A git tree of this set is available here:

  git://git.kernel.org/pub/scm/linux/kernel/git/djbw/nvdimm libnvdimm-pending

The libnvdimm-pending branch has received a build success notification
from the kbuild-test-robot over 105 configs.

---

Summary:

To date, we have implemented two I/O usage models for persistent memory,
PMEM (a persistent "ram disk") and DAX (mmap persistent memory into
userspace).  This series adds a third, DAX-GUP, that allows DAX mappings
to be the target of direct-i/o.  It allows userspace to coordinate
DMA/RDMA from/to persistent memory.

The implementation leverages the ZONE_DEVICE mm-zone that went into
4.3-rc1 (also discussed at kernel summit) to flag pages that are owned
and dynamically mapped by a device driver.  The pmem driver, after
mapping a persistent memory range into the system memmap via
devm_memremap_pages(), arranges for DAX to distinguish pfn-only versus
page-backed pmem-pfns via flags in the new pfn_t type.
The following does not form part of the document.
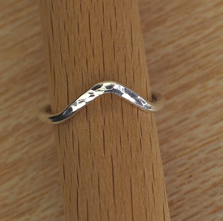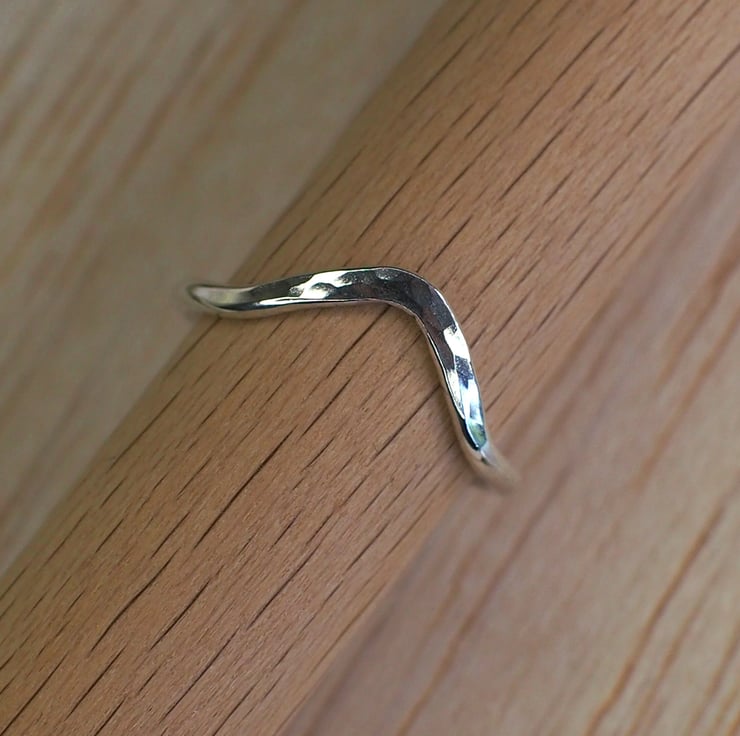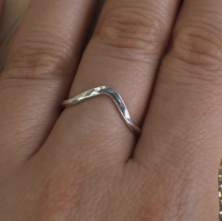 Solid sterling silver hand made wishbone / shaped curved ring. The band of this ring is 1.5mm wide. The wishbone shape is gentrly hammered flat and measures approximately 1 cm across.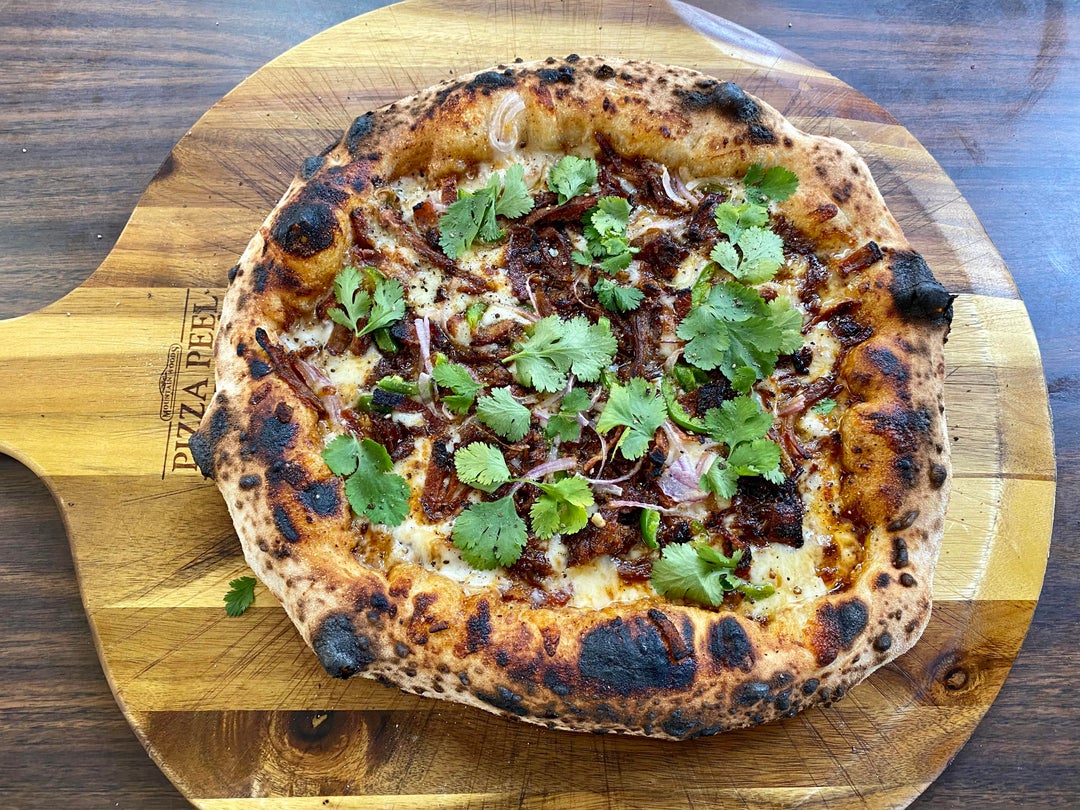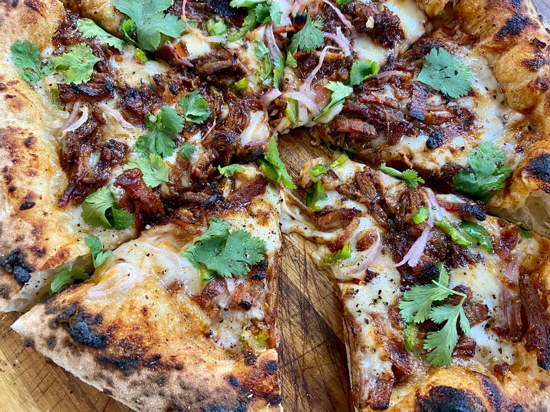 Smoked Pork BBQ pizza with red onions, jalapeños, bacon, and cilantro. It has 4 cheeses, mozzarella, provolone, smoked Gouda and sharp white cheddar. The sauce base is a thin layer of blue hogs bbq Smokey Mountain. The pork was smoked on Yoder YS 640s. The dough is a 48 hour cold fermented dough.

The DAX code, upon seeing a PFN_DEV+PFN_MAP flagged pfn, flags the
resulting pte(s) inserted into the process page tables with a new
_PAGE_DEVMAP flag.  Later, when get_user_pages() is walking ptes it keys
off _PAGE_DEVMAP to pin the device hosting the page range active.
Finally, get_page() and put_page() are modified to take references
against the device driver established page mapping.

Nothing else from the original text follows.